This innovative approach enables the nowcasting and forecasting of economic indicators across various geographical scales, particularly within the European regional economy. The reliance on delayed statistical data in current economic models hinders timely and effective responses to rapidly evolving situations. The EYE platform addresses this limitation by providing near-real-time indicators of epidemic spread and economic impacts, especially in areas where direct data is unreliable or incomplete.
EYE's fusion of economic, epidemiological, remote sensing, and AI methodologies advances beyond the state of the art, delivering a user-friendly platform for timely, data-driven situational awareness and policy support.
I. State of the art review:
The project started with an extensive investigation of the satellite data and sources available, with a focus on identifying suitable time frames aligned with the project's objectives. This led to the initial selection of the most promising Earth Observation (EO) parameters, taking into account both ease-of-use and their potential correlation with economic and epidemic data.
II. Analysis and selection of AI methods: We successfully developed and tested computer vision and image feature extraction algorithms tailored specifically for detecting airplanes, ships, containers, vehicles and umbrellas in satellite images with diverse resolutions.
III. Analysis and definition of economic key indicators and indexes: The general framework about econometric indicators was defined and developed within the declared methodological approach. Territorial/grey/statistical indicators were identified and selected to be correlated against EO parameters.
IV. Analysis and definition of epidemic key indicators and indexes: Epidemic key indicators and models were selected and justified. An epidemic analysis was carried out for the region of Macedonia in Greece on which the selected epidemic models were combined with weather information from satellite data.
V. Econometric model analysis and trade-off: The development and application and deployment of STeMA Territorial Impact Assessment (TIA) methodology and techniques were succesfully implemented.
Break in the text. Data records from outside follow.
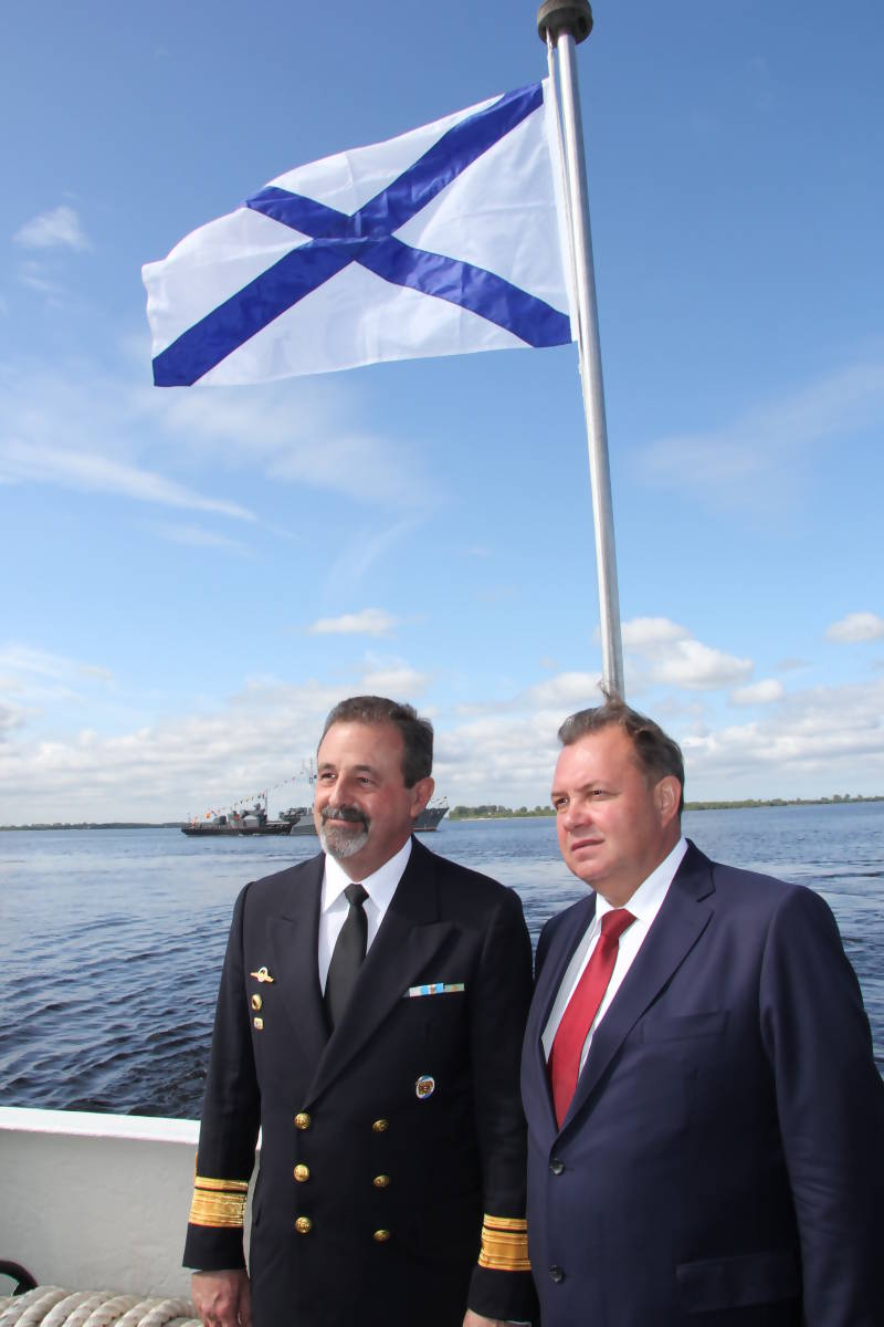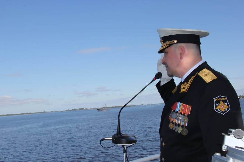 По традиции при прохождении «Беломорца» вдоль строя кораблей принимающий парад контр-адмирал Владимир Воробьев приветствовал выстроенные на верхней палубе экипажи. Над Северной Двиной неоднократно звучало флотское «Ура».
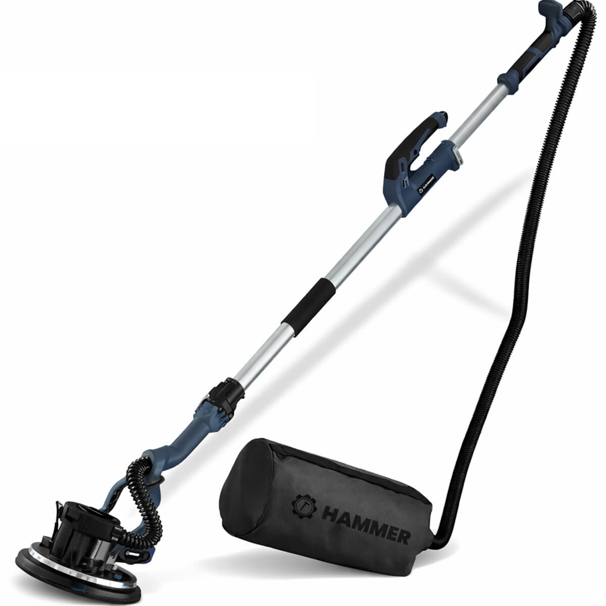 Шлифмашина для стен и потолков HAMMER для гипсокартона d.225 мм, 1200 Вт, 2100 об/мин, телескопическая — удобный инструмент для выравнивания шпаклёвки и подготовки поверхностей под покраску или обои. Телескопическая штанга помогает работать на высоте до 1,8 м, а встроенная LED-подсветка делает заметными неровности и переходы.
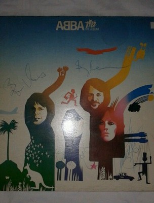 ABBA The Album signed by all 4 members of the band in blue pen on front of sleeve. Record inside has no scratches. Cover is slightly worn around edges.
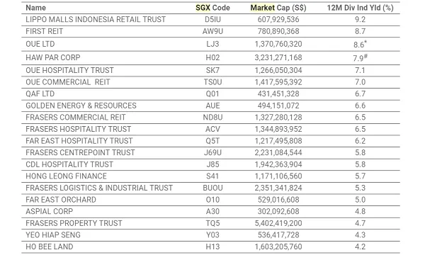 These five non-REITs/trusts are identified to be OUE (8.6%), Haw Par (7.9%), QAF (6.7%), Golden Energy and Resources (6.6%) and Hong Leong Finance (5.7%) whose average indicated yield of 12M hit 7.1%.
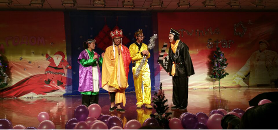 12月17日晚,威廉希尔williamhill中文和国际教育学院共同举办的“相聚石油 悦享中国”2016年中外员工新年晚会暨第四届国际文化节在新校区腾辉老员工活动中心举行。公司公司党委书记廖敏、经理于艳英、综合办主任刘玺、学管办主任蒋曙光、英语系主任董梅、钟泽波、俄语系主任罗蝴蝶、大学英语教学一部主任赵玮、教学二部主任彭健、员工辅导员林怡清、吉颖会同公司同学和国际教育学院来自37个国家的职工以及教师约500余名人一同观看了此次演出。

Logical chain and GIS operational tool was deployed succesfully, including co-research and development of statistical and geographical appropriate indicators, for measuring and assessing various policies, local practices and impacts of epidemy at regional and local level. Two cases studies were carried out for Rome (Italy) and Wronclaw (Poland) in order to test the STeMA-TIA methodology. Moreover a selection of quali-quantitative statistical/geographical indicators, Building of composite indices, cooperation to Data collection at local level (per case) was carried out in order to build Case-studies to validate the developed tools and methodologies .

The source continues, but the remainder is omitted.